Il y a une différence entre une « décision » et une « déclaration » de la présidence. Une décision sert à trancher une question de procédure dont la Chambre est saisie et, sauf avis contraire, sert de précédent pour les délibérations subséquentes. Une déclaration, en revanche, sert à donner de l’information ou des précisions aux députés sur la manière de mettre des changements procéduraux en œuvre lorsque la situation l’exige. Les Présidents vont souvent opter pour une déclaration lorsqu’une certaine latitude est accordée à la présidence. Lorsqu’il met en application de nouvelles règles de procédure, le Président agit comme serviteur de la Chambre, et non comme maître de celle-ci.

Tous les Présidents fondent leurs décisions sur les pratiques établies; cependant, leurs décisions s’appuient souvent sur des précédents et, parfois, améliorent ou clarifient les pratiques.

Les pratiques

Le modus operandi de la Chambre des communes découle de pratiques qui sont utilisées depuis des siècles, tant au Canada qu’à l’étranger. Ces règles coutumières de procédure sont acceptées comme étant la manière normale de faire les choses.

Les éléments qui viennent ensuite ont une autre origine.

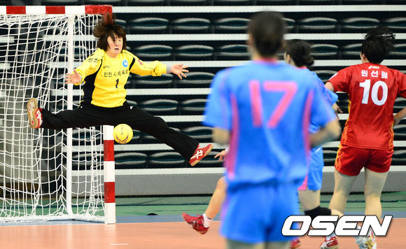 5일 오후 경북 구미 박정희체육관에서 열린 제10회 동아시아클럽핸드볼선수권대회 한국 인천시체육회와 일본 오므론의 경기, 전반 인천시체육회 오영란이 오므론의 슛을 막아내고 있다.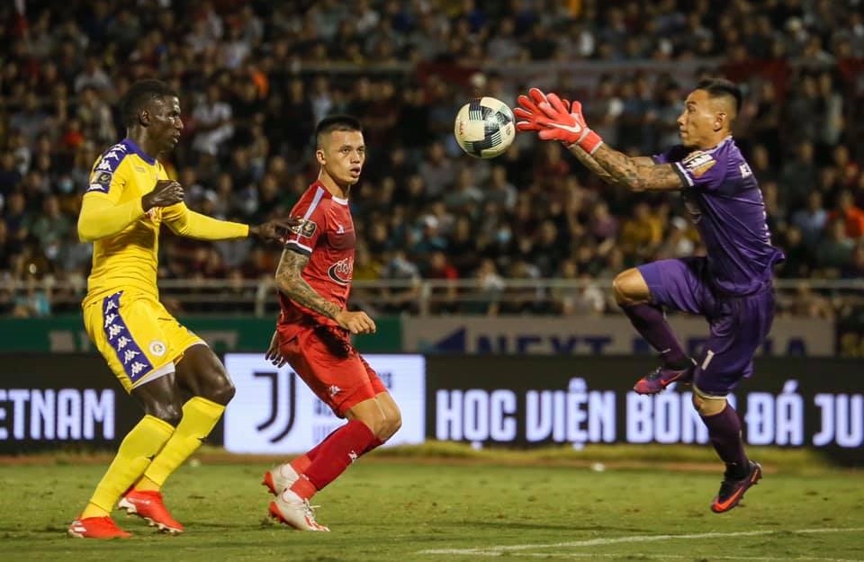 CLB Hà Nội đã đổi thành áo vàng để tránh trùng với áo tím của thủ môn CLB TP.HCM. Ảnh: CLB TP.HCM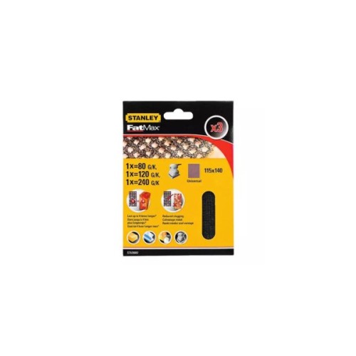Сітка абразивна Stanley шліфувальна 115х140 мм, 3 листи, перетин 80,120,240, для KA400/450 (STA39082)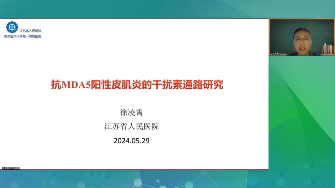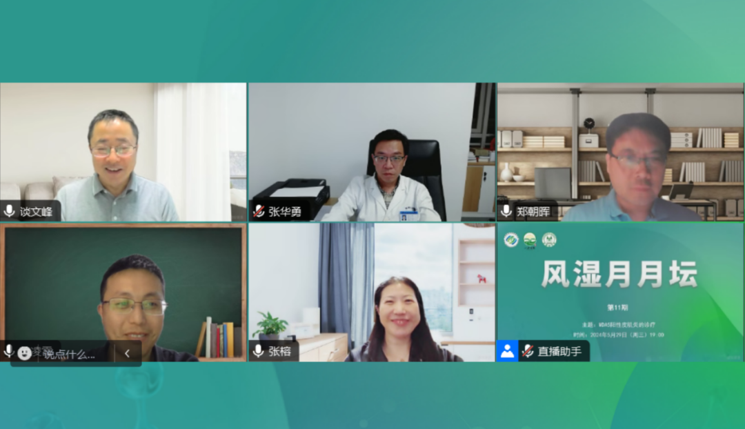 2024年5月29日,由江蘇省研究型醫院學會和一味書院主辦的《風濕月月壇(第11期)—MDA5陽性皮肌炎的診療》于線上成功舉行。本次論壇由南京醫科大學第一附屬醫院談文峰教授擔任大會主席,江蘇省人民醫院徐凌霄教授、中國醫科大學附屬第一醫院張榕教授作為講課嘉賓,南京大學醫學院附屬鼓樓醫院張華勇教授、空軍軍醫大學第一附屬醫院鄭朝暉教授作為本次大會的討論嘉賓。

L’article premier du Règlement permet la prise en considération d’usages en vigueur dans d’autres instances au Canada ou à l’étranger, dans la mesure où ceux-ci sont applicables. Les ouvrages d’autres parlements de type Westminster, comme ceux du Royaume-Uni, de l’Australie, de l’Inde ou de la Nouvelle-Zélande, sont donc consultés au besoin.

La Chambre des communes a tendance à codifier dans son Règlement de nombreuses règles de procédure qui ont vu le jour et ont évolué en tant que pratiques non écrites. En effectuant des révisions périodiques du Règlement, la Chambre peut adapter l’interprétation des précédents et des traditions en fonction de l’évolution des circonstances.